The problem |
Only one part of the listing is needed: the lines from the one with "Hidden Gem –" through the last line, copied exactly and free of pictures.
───── Data extract
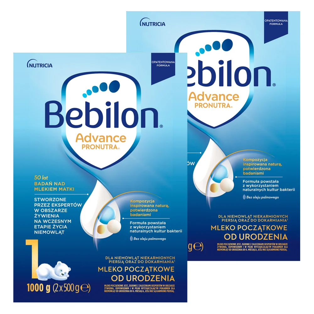 Bebilon 1 Pronutra-Advance mleko modyfikowane, początkowe przeznaczone do karmienia noworodków i niemowląt do ukończenia 6. miesiąca życia, które z jakiś powodów nie mogą być karmione piersią. Produkt może stanowić uzupełnienie karmienia naturalnego, jeśli zaistnieje konieczność dokarmiania. Zaleca się stosowanie produktu tylko po konsultacji z lekarzem.Właściwości produktu
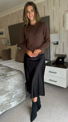 Make an impact in this stunning Yaella Black Midi Skirt. Crafted with a sleek, black fabric, this midi skirt adds a sophisticated edge to any look. Show off your style and confidence with this eye-catching piece! 💃🏻
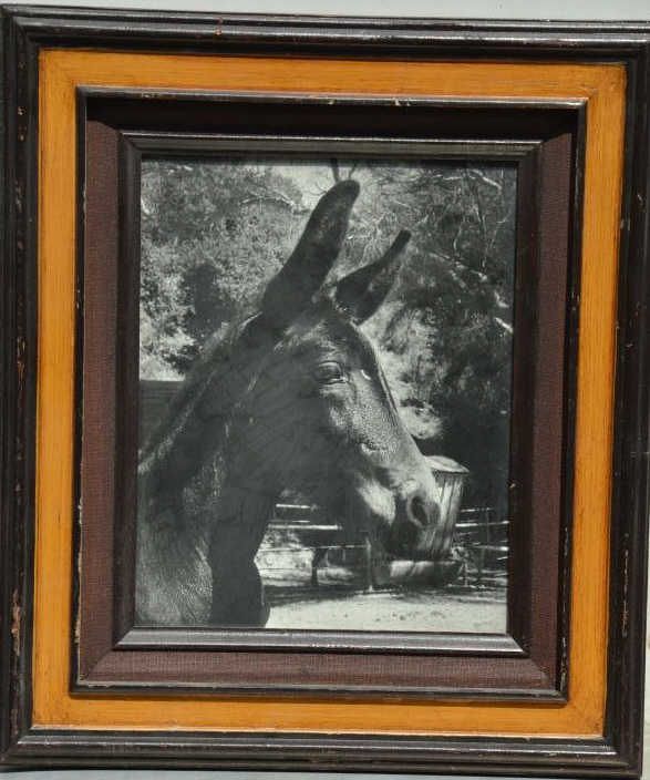 Lot of 5 great decorators including a framed and matted photo of a Humpback Whale off the coast of Kodiak, Alaska, approx. 11” x 14”; a framed photo portrait of a donkey in his corral, approx. 15” x 13”; a beautifullyframed and matted grouping of 12 hand tied and indentified trout fishing flies by F. McPhillips of Ireland, all different, approx. 15” x 19”; a framed and matted classic color print entitled “Out on the Moors by GeorgeWright of two hunting dogs, approx. 14” x 16” and a framed poster from the William B. Ruger Gallery of the National Firearms Museum from 2004 commemorating their display “On The Side of Law & Order” personallyautographed by NRA notables like Wayne La Pierre and Kayne Robinson. Est.: $200-$400.
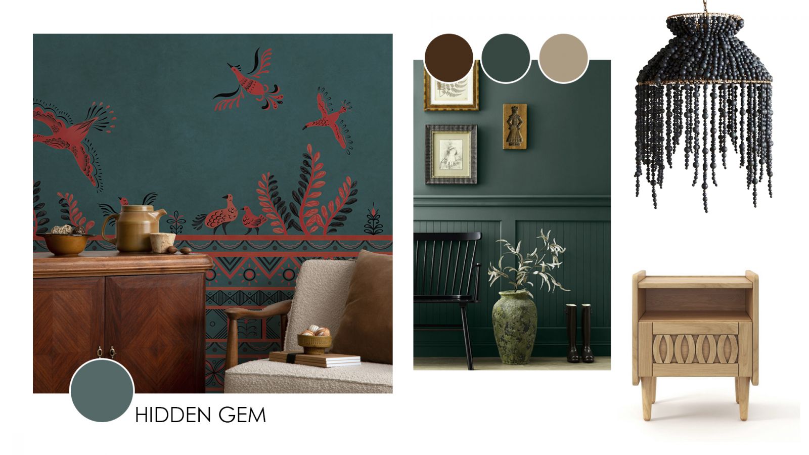 Hidden Gem – это необычный новый дымчато-нефритовый оттенок. Идеальный нейтрал для тех, кто хочет привнести в пространство свежесть и цвет без ощущения драматизма и вычурности. Он глубокий и утончённый, с неким намёком на таинственность. Зелёный цвет Hidden Gem хорошо проявит себя не только в качестве базы при оформлении спальни, ванной, гостиной, но и акцента абсолютно в любом другом помещении. Кстати, именно этот уникальный оттенок стал главным цветом 2026 года у производителя интерьерной краски Behr.
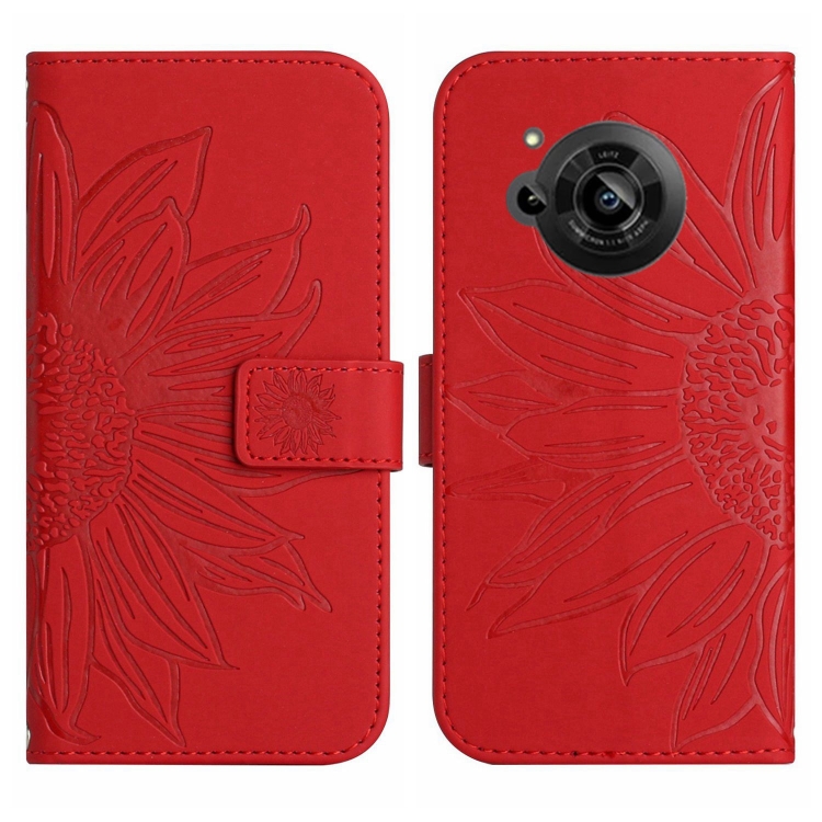 Funda Flip de Cuero para Sharp Aquos R7 P7 con Cordón y Diseño Sun Flower (Rojo)
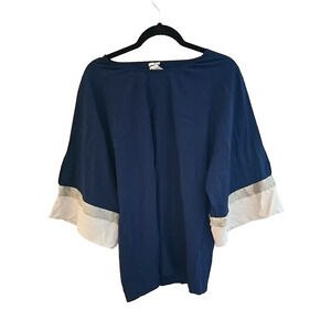 Chico's Navy Blue Crew Neck Metallic Blocked Dolman Sleeve Tunic Top Woman 0 Sm
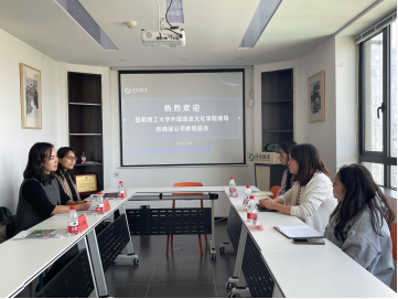 副院长马倩、翻译硕士教育中心主任马群英等一行到访昆明译诺翻译服务有限公司,就本科毕业生实习合作交流进行座谈。昆明译诺翻译服务有限公司总经理字敏和相关负责人参加了座谈会。
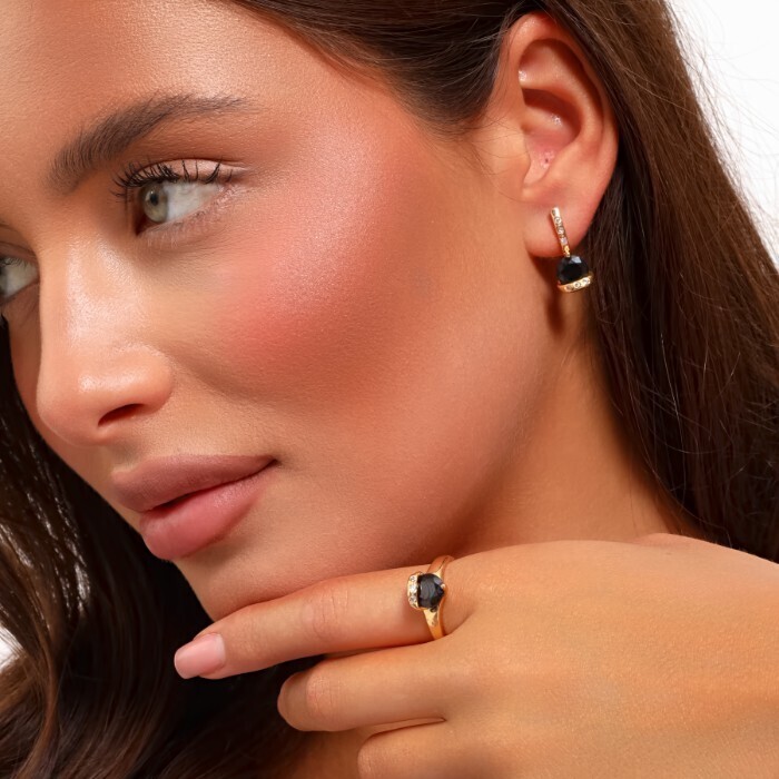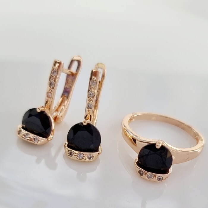 Комплект ювелирная бижутерия коллекция "Дубай" серьги и кольцо 20 р, покрытие: позолота, вставка: фианиты, цвет: черный и прозрачный, арт.217.313-20
──────────
Solution to this exercise |
 Hidden Gem – это необычный новый дымчато-нефритовый оттенок. Идеальный нейтрал для тех, кто хочет привнести в пространство свежесть и цвет без ощущения драматизма и вычурности. Он глубокий и утончённый, с неким намёком на таинственность. Зелёный цвет Hidden Gem хорошо проявит себя не только в качестве базы при оформлении спальни, ванной, гостиной, но и акцента абсолютно в любом другом помещении. Кстати, именно этот уникальный оттенок стал главным цветом 2026 года у производителя интерьерной краски Behr.
 Funda Flip de Cuero para Sharp Aquos R7 P7 con Cordón y Diseño Sun Flower (Rojo)
 Chico's Navy Blue Crew Neck Metallic Blocked Dolman Sleeve Tunic Top Woman 0 Sm
 副院长马倩、翻译硕士教育中心主任马群英等一行到访昆明译诺翻译服务有限公司,就本科毕业生实习合作交流进行座谈。昆明译诺翻译服务有限公司总经理字敏和相关负责人参加了座谈会。
 Комплект ювелирная бижутерия коллекция "Дубай" серьги и кольцо 20 р, покрытие: позолота, вставка: фианиты, цвет: черный и прозрачный, арт.217.313-20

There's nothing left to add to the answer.